==== DATASET CONTENT ====

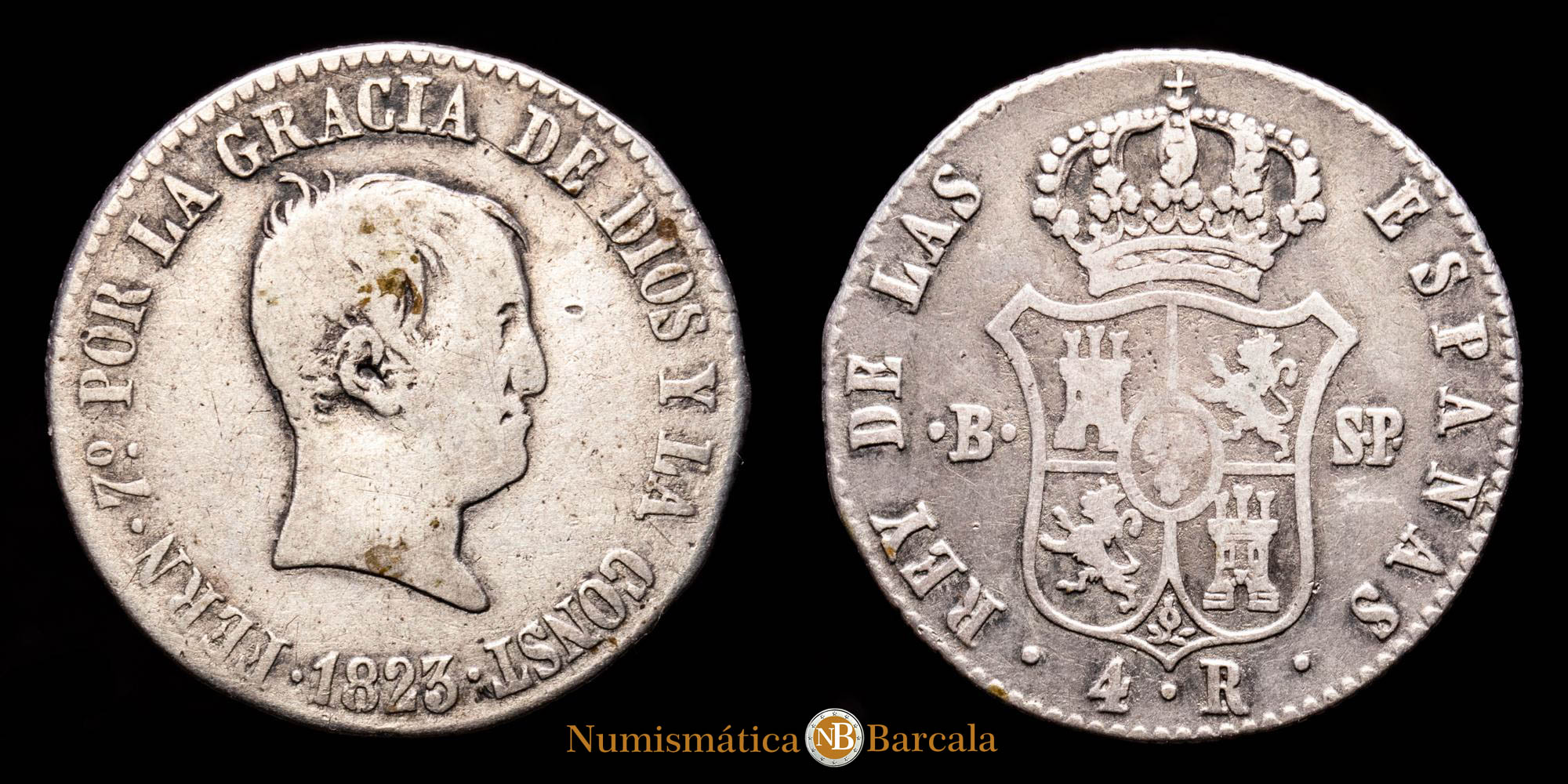 Numismática Barcala > Productos > Monarquia Española > Borbones > 1808-1833 Fernando VII > Fernando VII. 4 Reales. (5,78 g.). Barcelona. 1823. Ensayador S·P. Aureo y Calicó – 722. BC+. Rara.
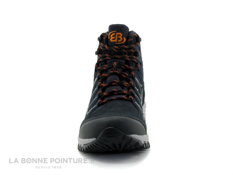 Cette basket rando Homme combine textile et matières synthétiques résistantes bleu marine et orange.
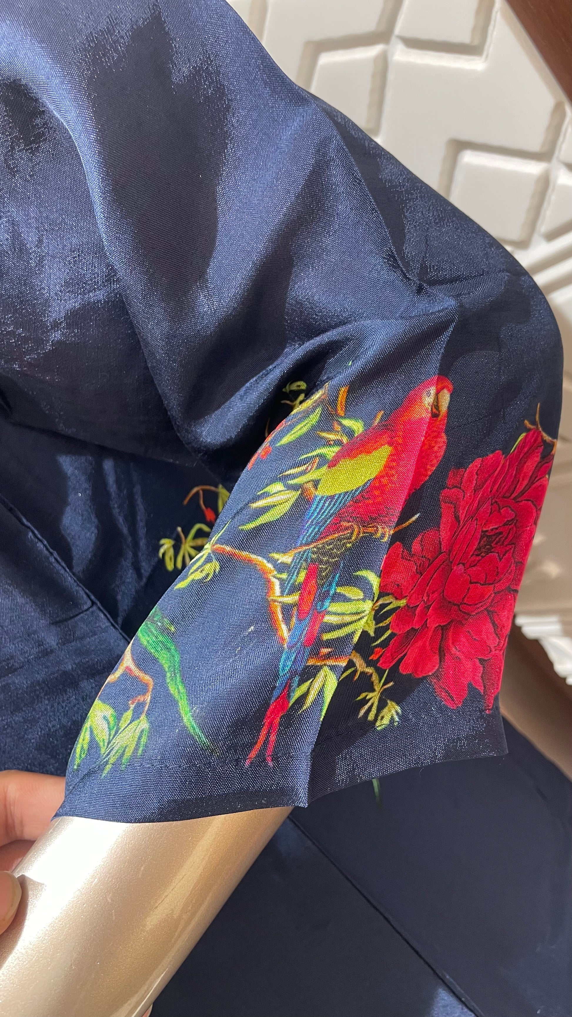 Navy Blue Floral Printed Silk 3 Piece Suit Set β Sheetal Collection
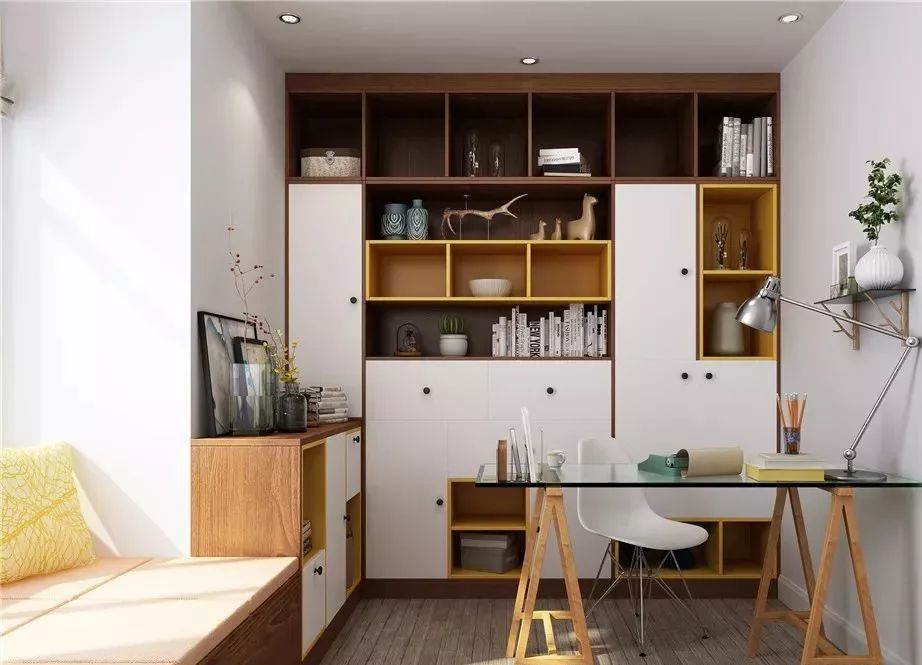 在当下的刚需户型中,几乎所有人家的房子里,都会有一个不大不小的“房间”,完全用来做书房的话,偶尔来了客人住家里又没个床,而完全用来做客房的话,使用率不高又觉得浪费了,利用起来非常的尴尬!这个时候就可以通过定制家具的设计,把书桌与床或收纳柜组合的设计,让小空间实现大利用的可能。

====

AIM OF THE EXERCISE: Repeat only the lines between the start of the data and the line with "Navy Blue Floral", including those two lines, and skip the pictures.

ANSWER BOX:
 Numismática Barcala > Productos > Monarquia Española > Borbones > 1808-1833 Fernando VII > Fernando VII. 4 Reales. (5,78 g.). Barcelona. 1823. Ensayador S·P. Aureo y Calicó – 722. BC+. Rara.
 Cette basket rando Homme combine textile et matières synthétiques résistantes bleu marine et orange.
 Navy Blue Floral Printed Silk 3 Piece Suit Set β Sheetal Collection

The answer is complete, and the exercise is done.